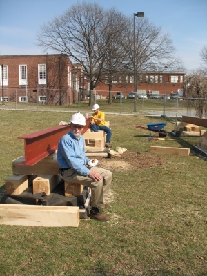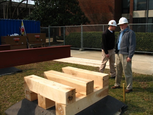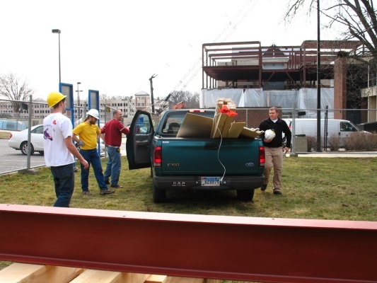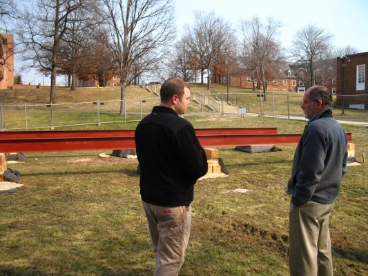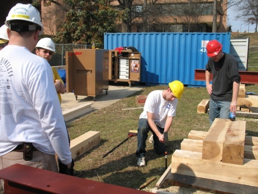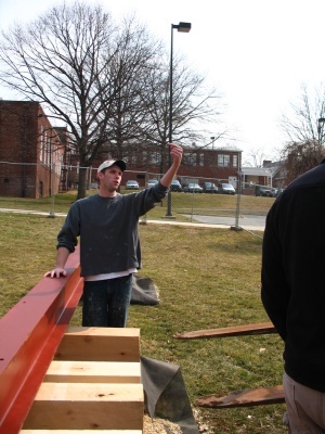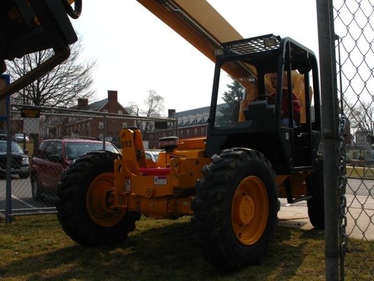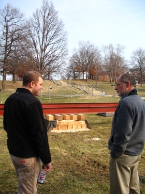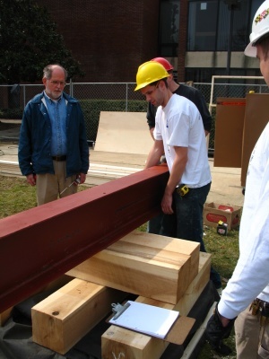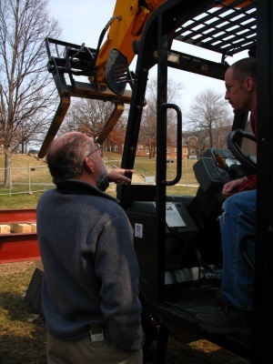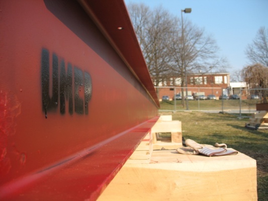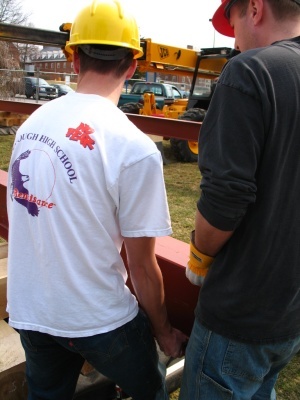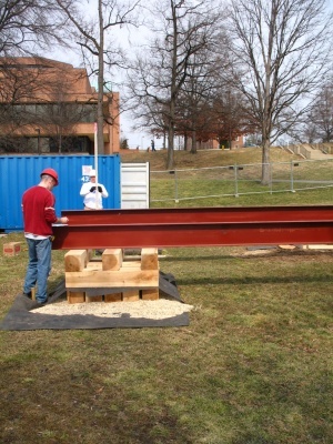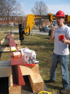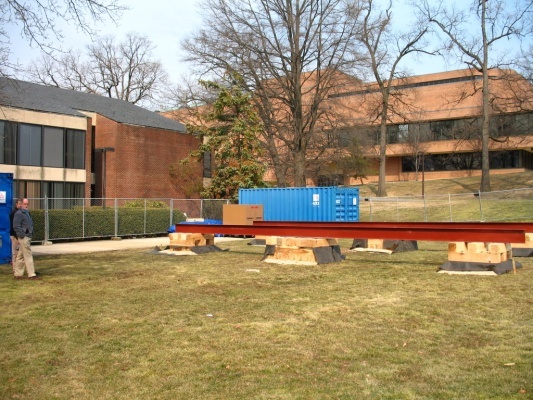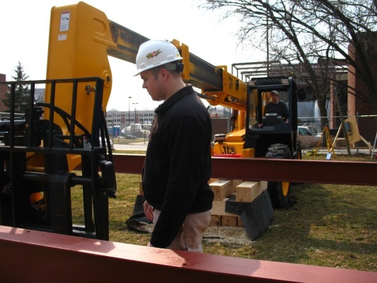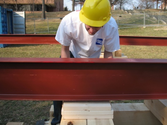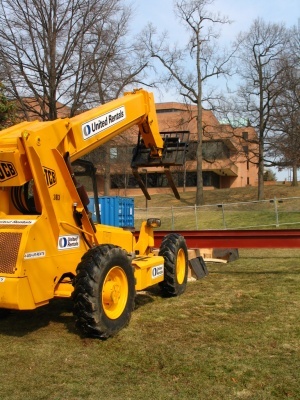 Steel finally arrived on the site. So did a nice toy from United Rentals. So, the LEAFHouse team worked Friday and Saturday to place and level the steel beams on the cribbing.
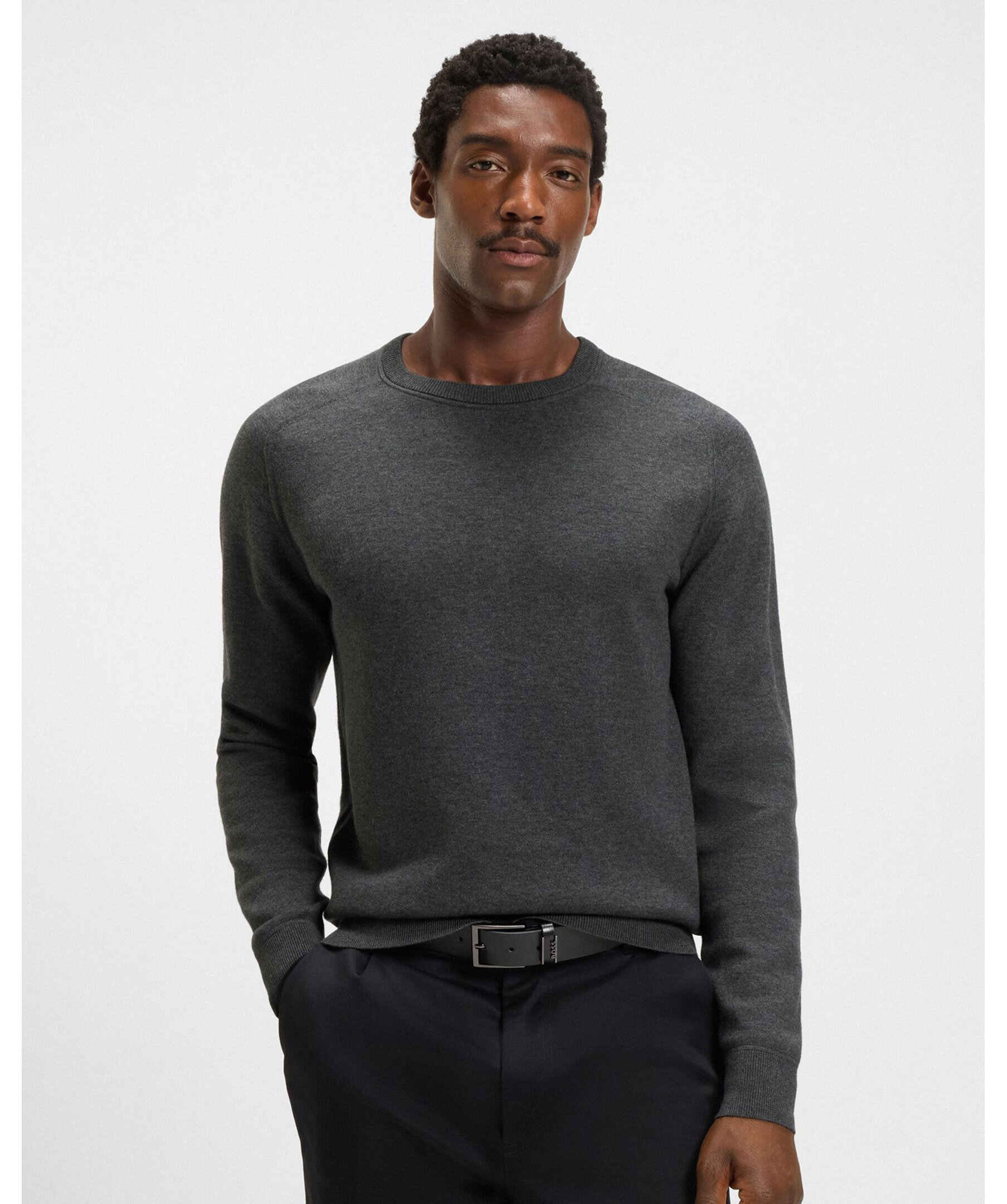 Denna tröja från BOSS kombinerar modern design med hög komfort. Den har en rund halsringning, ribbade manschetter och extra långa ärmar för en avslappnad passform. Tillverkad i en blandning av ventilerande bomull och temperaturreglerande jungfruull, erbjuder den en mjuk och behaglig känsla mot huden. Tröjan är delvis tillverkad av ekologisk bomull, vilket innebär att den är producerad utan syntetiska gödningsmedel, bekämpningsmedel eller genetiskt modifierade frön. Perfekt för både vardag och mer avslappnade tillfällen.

==

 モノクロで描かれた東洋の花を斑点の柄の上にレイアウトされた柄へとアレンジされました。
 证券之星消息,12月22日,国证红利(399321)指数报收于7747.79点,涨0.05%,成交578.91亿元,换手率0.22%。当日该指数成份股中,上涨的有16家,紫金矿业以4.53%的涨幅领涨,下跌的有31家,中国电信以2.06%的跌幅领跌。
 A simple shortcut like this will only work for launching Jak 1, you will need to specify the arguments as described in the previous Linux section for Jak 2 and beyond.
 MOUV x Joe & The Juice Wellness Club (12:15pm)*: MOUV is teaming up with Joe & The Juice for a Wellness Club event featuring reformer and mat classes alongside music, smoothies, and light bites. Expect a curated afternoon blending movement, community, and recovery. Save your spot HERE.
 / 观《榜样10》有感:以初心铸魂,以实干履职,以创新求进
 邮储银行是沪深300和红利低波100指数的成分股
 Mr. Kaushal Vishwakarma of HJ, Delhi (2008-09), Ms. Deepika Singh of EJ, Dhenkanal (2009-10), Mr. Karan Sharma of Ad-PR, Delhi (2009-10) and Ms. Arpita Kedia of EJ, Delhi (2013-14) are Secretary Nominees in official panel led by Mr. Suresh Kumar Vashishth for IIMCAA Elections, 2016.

◆ Work item
Take from the material above the lines running from the one with "证券之星消息,12月22日,国证红利(3" through the one with "A simple shortcut", and repeat them exactly, with nothing else.

◆ Result for this task
 证券之星消息,12月22日,国证红利(399321)指数报收于7747.79点,涨0.05%,成交578.91亿元,换手率0.22%。当日该指数成份股中,上涨的有16家,紫金矿业以4.53%的涨幅领涨,下跌的有31家,中国电信以2.06%的跌幅领跌。
 A simple shortcut like this will only work for launching Jak 1, you will need to specify the arguments as described in the previous Linux section for Jak 2 and beyond.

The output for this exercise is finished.